**YOUR GOAL**
Only the last stretch of the records is wanted: restate word for word the line with "The Mancelona Food Pantry &" and every line after it.

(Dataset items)
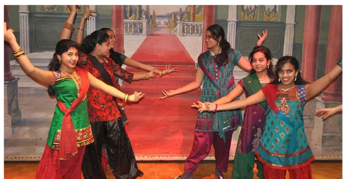
Transition year production of Beauty and the Beast
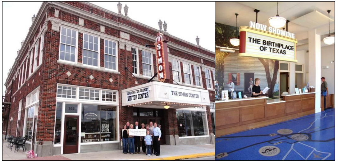
The historic Simon Theater (left) houses a coffee shop and the Washington County Visitor Center (right). Notice the map on the floor of the Visitor Center.

that has enabled us to accomplish several things that otherwise would have had to wait for better economic times.
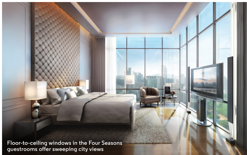
Floor-to-ceiling windows in the Four Seasons guestrooms offer sweeping city views
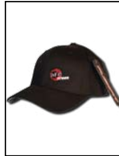
aFe Power Hat
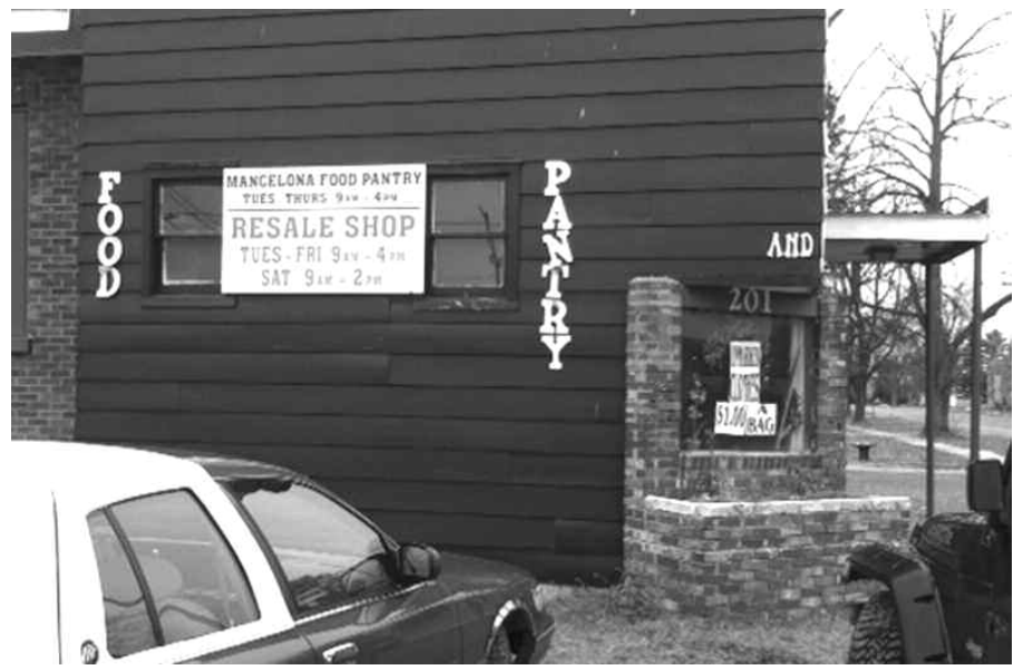
The Mancelona Food Pantry & Resale Shop is both an excellent spot to find quality, used items of virtually any kind, and the proceeds from sales at the Resale Shop help to support the ongoing mission of the Mancelona Food Pantry in providing food for area families in need.

The facility is a large three-story building that was once a church. Inside, customers will find two levels

**REPLY**
The Mancelona Food Pantry & Resale Shop is both an excellent spot to find quality, used items of virtually any kind, and the proceeds from sales at the Resale Shop help to support the ongoing mission of the Mancelona Food Pantry in providing food for area families in need.

The facility is a large three-story building that was once a church. Inside, customers will find two levels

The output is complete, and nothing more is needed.